Joan Burstyn

I was born at home in Leicester (pronounced Lester), England on March 6, 1929.

We (my husband Harold and I, and our two year old daughter, Judith) first came to Woods Hole in the summer of 1961 when Harold, then a graduate student at Harvard University, had a summer grant to work in Woods Hole with Professor Columbus Iselin at WHOI.

Since 2003, I am professor emerita of History and Education at Syracuse University, where, after stepping down as Dean of the School of Education in 1989, I taught the history of higher education and issues of conflict resolution in schools. During my career I also taught at Carnegie-Mellon University, where I was the Director of Teacher Education, and at Rutgers University where I was Chair of the Education Department at Douglass College and then, later, Director of the Women's Studies Program for the New Brunswick campus. I served as President of the (American and Canadian) History of Education Society, 1985-86, and of the American Educational Studies Association, 1995-96.
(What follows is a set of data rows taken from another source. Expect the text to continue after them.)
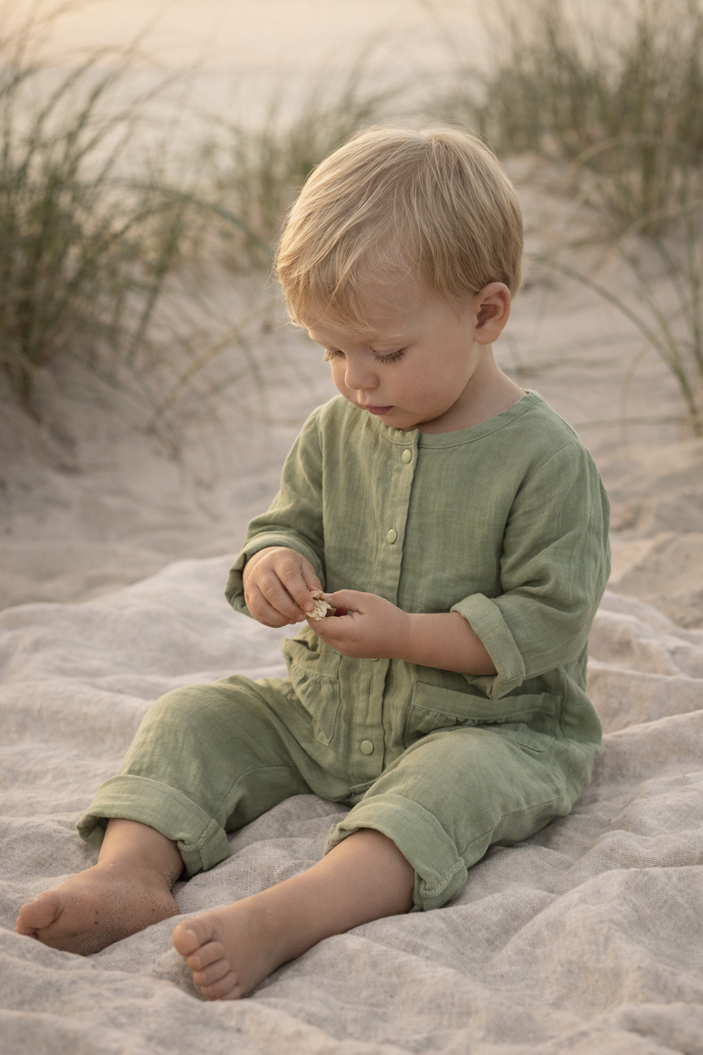 A timeless essential for your little one’s wardrobe – this sage green romper is made from breathable, buttery-soft organic muslin cotton, perfect for all seasons. Thoughtfully designed for maximum comfort, it features long sleeves, nickel-free snaps for easy dressing, and roomy front pockets for that extra dose of cuteness.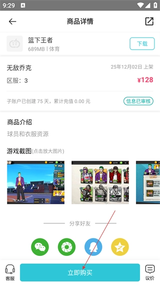 3、在商品详情页里,核对好商品信息后点击【立即购买】按钮,系统会跳转至支付页面。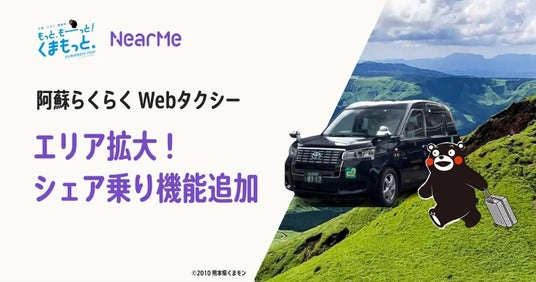 「阿蘇らくらくWebタクシー」は熊本市・合志市・菊陽町・益城町・嘉島町・大津町の6つの阿蘇周辺エリアへの対応を開始し、阿蘇だけでなく、他エリアと阿蘇を結ぶ新たな移動手段となった。さらに、ニアミー独自のAIを活用した“シェア乗り”機能の実装を開始。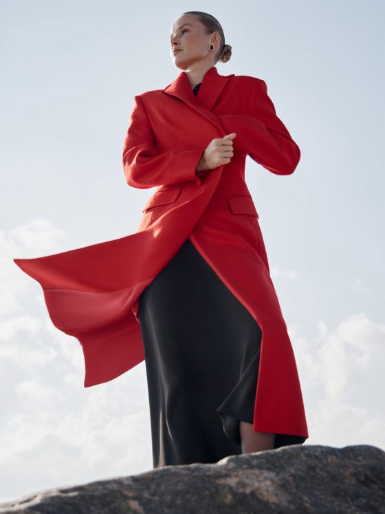 Позже в тот же день актриса снова привлекла внимание, выйдя на улицы города в строгом чёрном наряде. На этот раз она выбрала чёрную блузку, поверх которой повязала элегантный шарф и длинное пальто от Tove. Внизу она сочетала чёрные брюки-сигареты от Toteme с туфлями на ремешках от Manolo Blahnik, создавая образ, который сочетал в себе элегантность и сдержанность.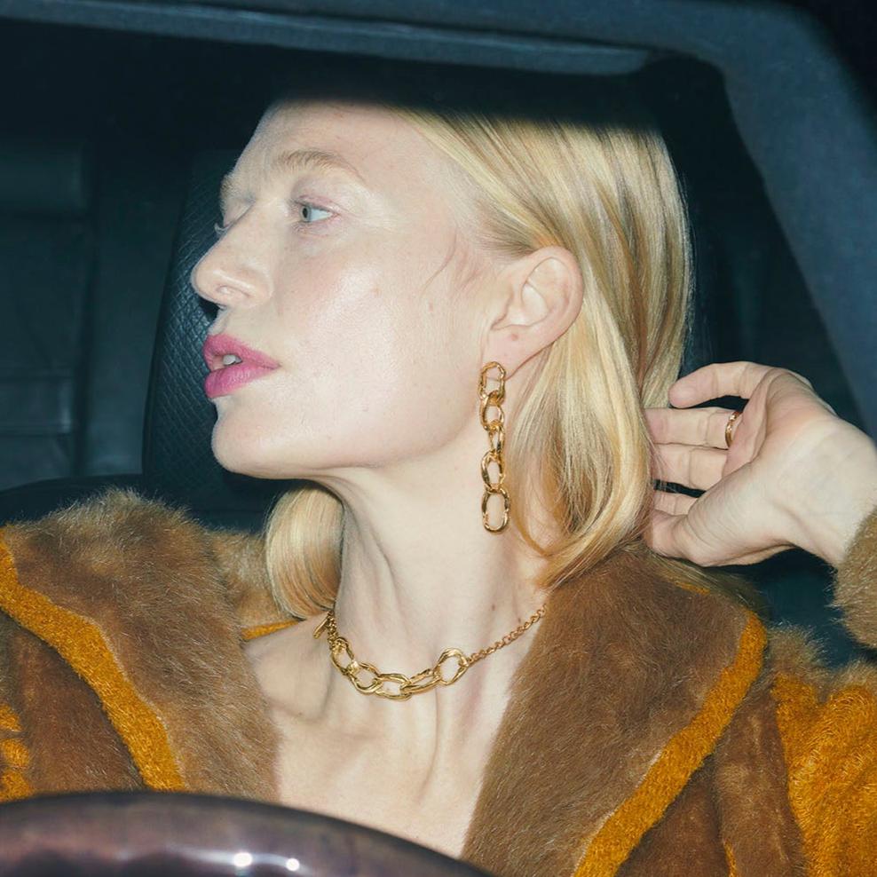 This handcrafted necklace in recycled silver, is made at our workshop in Copenhagen, and can be adjusted from choker size to a looser version depending on mood and neck-size. The look of this necklace is both raw and refined at the same time, with an elegant center of 5 organic rings ending in an equally organic looking bridle lock. Each link is handcrafted in wax before cast in silver, which leaves all rings unique, and with an intriguing interplay between a smooth polished surface and rougher parts with cracks and fingerprints.

Since retiring fully at the end of 2005, I have given more time to writing poetry than I did while working, and I have published two new books of my poems (2009 and 2014) and completed a book with a friend on contemporary Jewish thought (2011). I have also been trying my hand at playwriting.

My connection with Woods Hole has been enriched in many ways:

  • through my children's and my grandchildren's association with the Children's School of Science -- (long ago, I served as chair of the Optics Committee);
  • through the library and the many functions I've attended there as well as through friendship with the librarians I have known over the years;
  • through the Friday night lectures and other MBL and WHOI activities each summer;
  • through the many friends we have made from along the roads in the village, and on the beach -- mainly on MBL Beach;
  • through all the activities each of us has engaged in over the last 53 years;
  • through my poetry readings and the readings by other poets, especially those given by the late Herman Ward;
  • and through the Tuesday evening singing sessions for the children (and their parents!). The tunes we all still sing, such as "It's good to be in Woods Hole!" -- these songs are an integral part of my "belonging" to Woods Hole.